These days there seems to be a huge emphasis on being a coaching leader. My thought is, is that some people are born to coach and some are not. Some may be great tacticians and some can see the process and manage through the process. Sometimes people possess these skills together while others flounder in the waves when it comes to using their, not so God-given, people skills.
Coaches, whether athletic, business or life, have to be able to see the big picture as well as the finer details. They need to be able to adjust and shift gears when the direction has you chasing your tails. The best coaches, in my opinion, are those that inherently can see these things and shift.
When I began my coaching career at LA Baptist, as an assistant cross-country coach, I did it because a friend asked me. For years, I had been running and towards the latter end of my high school career I lost focus and didn't care. Presented with a challenge, I did just enough to get by, but that certainly wasn't going to land me anywhere near a scholarship or anything else.
Those first few years, I spent more time listening, observing and making a lot of mistakes.
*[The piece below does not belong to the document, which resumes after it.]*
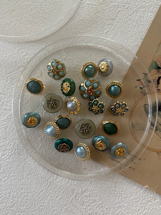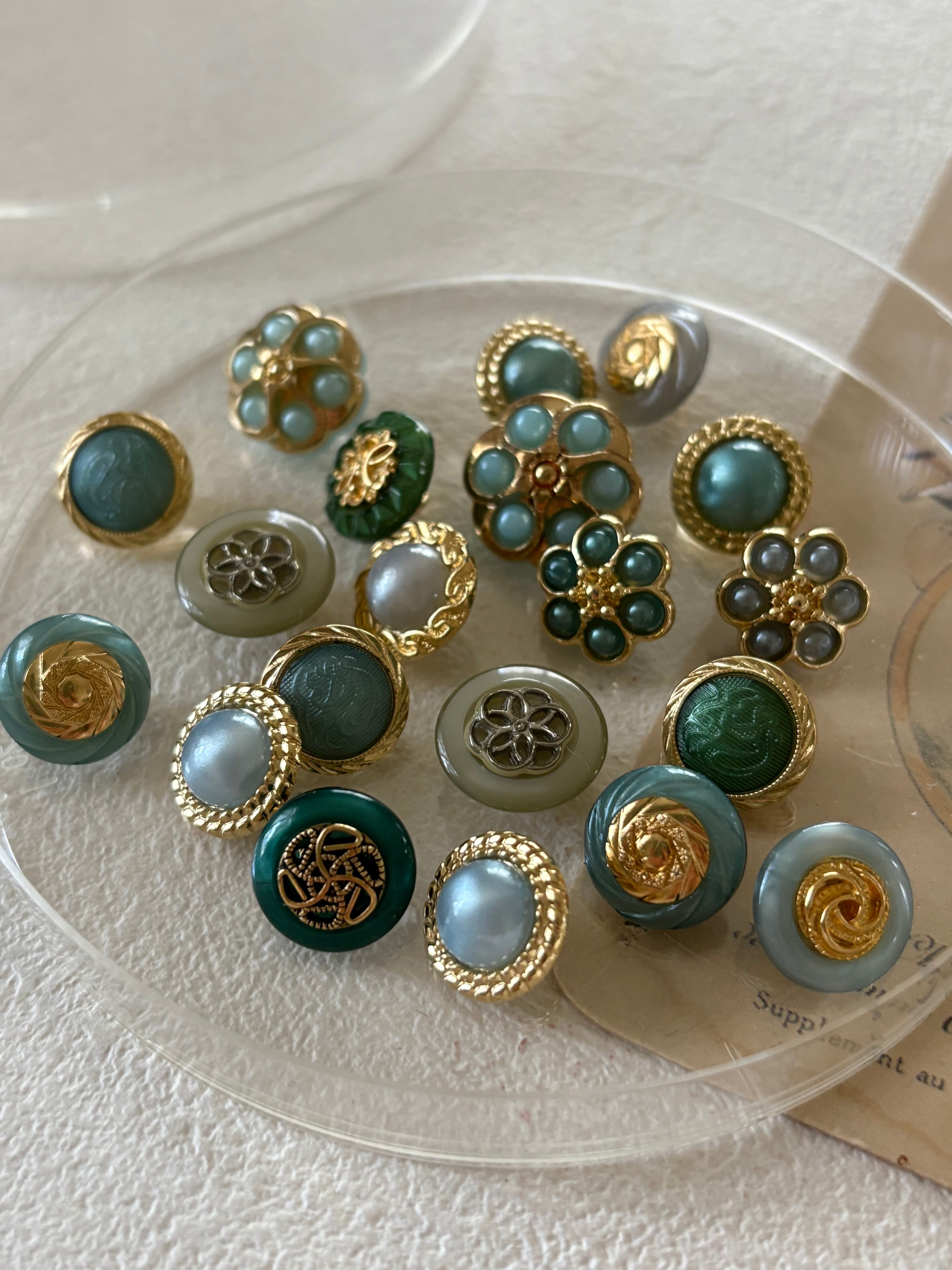 SALE 小さなVintageボタンセット ⑤ 20個入り アクセサリーパーツ 染めボタン レトロボタン デコレーション材

I would push people too hard when they weren't ready. I would pick the wrong person who was last in a drill. I would get beat by the girls during a workout (hey, we had fast girls). I would let people slide on some workouts. I slipped so many times I lost track, some days I think I spent more time reviewing my mistakes then I spent doing any real teaching.
Coaching is a process. Some people think that coaches just come up with this stuff, but the truth is, they, we have all made mistakes in the past that lead to success in the future. If babies didn't learn to crawl before they walked, then they would be face planting so long they would say forget it. Slips serve a purpose to help prepare us for the trips, falls and eventually the successes.
What were your slips that helped change your path?